Senators Mike Lee (Utah), Rick Scott (Florida), and Ted Cruz (Texas) of the Republican who was leading a group of conservative senators opposed the move, while Senator Leahy objected to a request for unanimous agreement to move the GOP legislation.
Instead of a year-end omnibus bill that would raise the levels of discretionary expenditure for both military and non-military purposes, the Republicans have pushed for Congress to enact a stop-gap spending measure extending until 2023. On that omnibus bill, discussions between Democrats and Republicans are still ongoing.
Sen. Lee asserts that it has become normal to postpone significant financial decisions to the next Congress when one party loses control of the House. According to Sen. Lee, There have only been five instances in which a different party has taken control of the House of Representatives. And in precisely zero of those cases, Congress approved the bill after the election to pass enormous comprehensive spending legislation during a lame-duck session.
Sen. Leahy disagreed, saying that the plan would leave $76 billion for national security “on the Republican cutting room floor” and result in a $7.5 billion funding shortfall for medical treatment for veterans.
Sen. Scott, who spoke on the floor after Leahy objected, backed Lee’s idea. ” Sen. Lee’s simple continuing resolution should be accepted rather than a convoluted omnibus budget measure.
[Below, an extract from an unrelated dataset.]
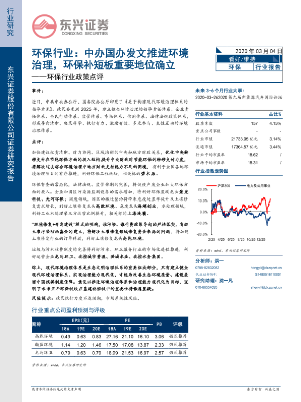 【东兴证券】【20200304】环保行业政策点评:中办国办发文推进环境治理,环保补短板重要地位确立-6页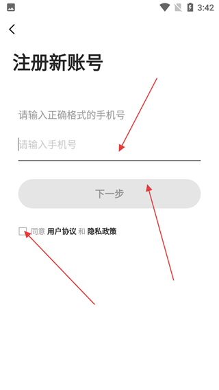 4、輸入手機(jī)號,勾選后,點(diǎn)擊下一步。

This enables a new Congress to draft a legitimate, balanced budget, which is what we ought to be doing in any case,” he continued.
Sen. Scott and Senate Republican Leader Mitch McConnell (Kentucky), who favors passing a year-end omnibus, have clashed over the GOP’s approach to a funding bill. Last month, he ran against McConnell for the position of Senate GOP leader and received 10 of the 48 votes.